From Oppenheimer to Barbie: Move from chaos to the perfect world by prioritizing test scope with RBT

One of the main entry points into the technical QA field is through exploratory testing. In this procedure, a QA professional is introduced to a product or project they've never interacted with before and asked to explore it to identify defects and report them to developers.

This method gives QA the freedom to explore the system without strictly following a predefined set of test cases. They utilize their experience, intuition, and knowledge to interact with the product or project, aiming to uncover possible defects, unexpected behaviors, and areas for improvement.

In reality, there is often confusion at this stage regarding terminology. What I've described above is not actually exploratory testing, but rather ad-hoc testing. The key distinction is that ad-hoc testing doesn't require previous experience or strategic planning. Conversely, exploratory testing demands prior experience and understanding of test strategies, such as heuristics, mind maps, checklists, and similar techniques, to effectively explore the product.

According to James Bach:

“Exploratory software testing is a powerful but widely misunderstood approach. In certain situations, it can be far more productive than scripted testing. All testers practice some form of exploratory testing unless they simply do not create tests at all.
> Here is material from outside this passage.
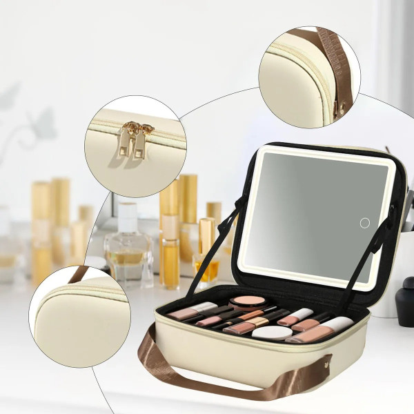 Органайзер для макіяжу з дзеркалом і LED-світлом дорожній бежевий

Yet, few of us have studied this approach extensively, and it's not highly respected in our field. This attitude is starting to change as companies seek increasingly agile and cost-effective methods of software development.”

I won't delve deeply into exploratory testing in this article (perhaps in a future one), but if you want a comprehensive understanding, I recommend two key resources:

• The article "Exploratory Testing Explained" by James Bach (quoted above);
• The book "Explore it! Reduce Risk and Increase Confidence with Exploratory Testing" by Elisabeth Hendrickson.
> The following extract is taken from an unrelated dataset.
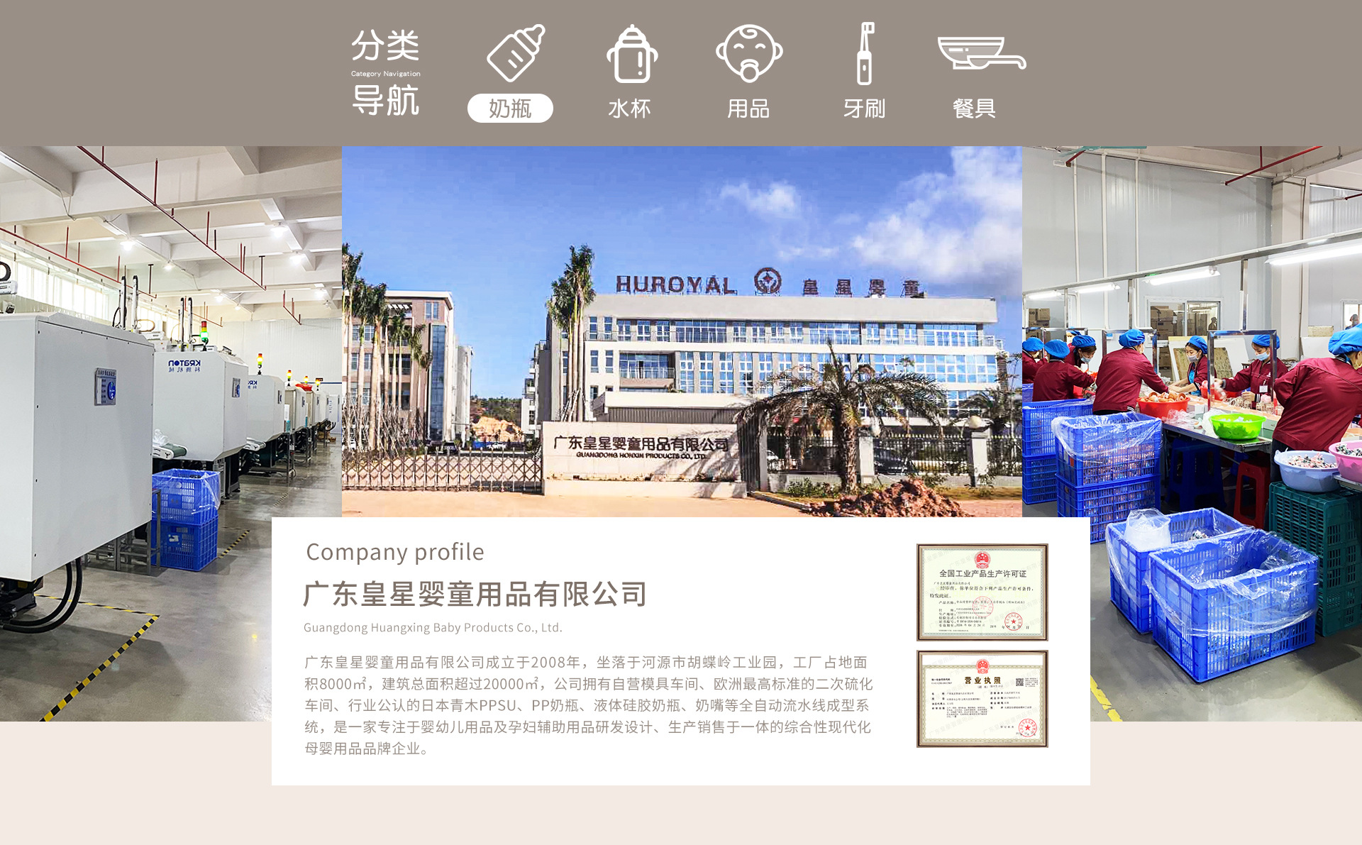 中國廣州皇星嬰童用品有限公司成立于2008年,坐落于廣州市蝴蝶嶺工業(yè)園,工廠占地面積8000m2,建筑總面積超過20000m2,公司擁有自營模具車間、歐洲最高標(biāo)準(zhǔn)的二次硫化車間、行業(yè)公認(rèn)的日本青木PPSU、PP奶瓶、液體硅膠奶瓶、奶嘴等全自動流水線成型系統(tǒng),是一家專注于嬰幼兒用品及孕婦輔助用品研發(fā)設(shè)計、生產(chǎn)銷售于一體的綜合性現(xiàn)代化母嬰用品品牌企業(yè)。

Particularly, the book provides detailed explanations on how to explore effectively, practical sessions, quality factors, essential elements, and when to stop testing.

Scope Prioritization

Although these readings deeply cover exploratory testing, there remains one topic not mentioned explicitly — scope prioritization.

After these readings, you may now understand how to conduct exploratory testing more efficiently. However, how should you prioritize the scope identified during exploratory testing? Without this prioritization, all gathered information could easily become chaotic.
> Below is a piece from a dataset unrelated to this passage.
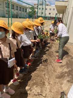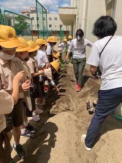 サツマイモの苗を植えました。国語科の「サツマイモの育て方」の学習と関連させながら、育てていきます。

With this chaos in mind, I recalled another resource I encountered early in my career, known as Risk-Based Testing (RBT).

Risk-Based Testing (RBT) is a software testing approach focused on allocating testing resources to system areas presenting the highest risk. Its primary goal is identifying, prioritizing, and addressing software risks, ensuring tests target critical and error-prone components.

Instead of uniformly applying testing across the entire system, RBT optimizes the testing process to maximize the discovery of significant defects while minimizing risks associated with software usage. This becomes particularly critical when testing resources like time and budget are limited.

You can create your test cases based on these efforts, structured as follows:

Testing efforts identified through exploratory testing are prioritized according to their impact multiplied by occurrence frequency (shown visually from red to green, highest number to lowest).

Once all testing efforts are mapped in this traceability matrix, your role as QA is ensuring coverage starts from behaviors with the highest impact-to-occurrence ratio, progressing down to the lowest and least frequent risks.

Therefore, your testing focus should consistently follow this prioritized order: 25, 20, 20, 16, 15, 15, 12, 12, 10, 10, 9, 8, 8, 6, 6, 5, 5, 4, 4, 3, 3, 2, 2, 2, 1.

But how do you identify which system part corresponds to 25, 20, 16, 15, and so forth? This is where your field experience comes in. If you're unsure or lack experience, you can rely on market benchmarks, customer-defined criticality criteria, or validate these priorities with your team.

In other words, the vast project flow observed during exploratory testing, initially appearing chaotic and lacking scope prioritization, starts transforming into an organized and structured process.

Even better, you're not limited to using RBT exclusively in test execution. RBT can also be effectively applied in prioritizing business rules, acceptance criteria, prototype designs, requirements documentation, and more.

Interestingly, as you engage more frequently in exploratory testing, prioritizing scope becomes second nature, forming an effective exploratory testing framework based on experience combined with scope prioritization.

Together, exploratory testing and risk-based testing strengthen software quality, streamline the testing process, and significantly increase the likelihood of discovering and addressing critical defects before they reach end users. These approaches not only enhance defect detection but also foster a proactive quality mindset, enabling closer collaboration between development and testing teams to mitigate risks from the earliest stages of the software lifecycle.

The combination of exploratory testing and risk-based testing plays a crucial role in ensuring the quality of products and projects. Exploratory testing allows testers to interact with software more intuitively and flexibly, grounded in testing techniques. Meanwhile, risk-based testing directs testing efforts towards areas with the highest impact and risk.

Ultimately, this strategic combination contributes to delivering a more reliable, functional, and secure product or project.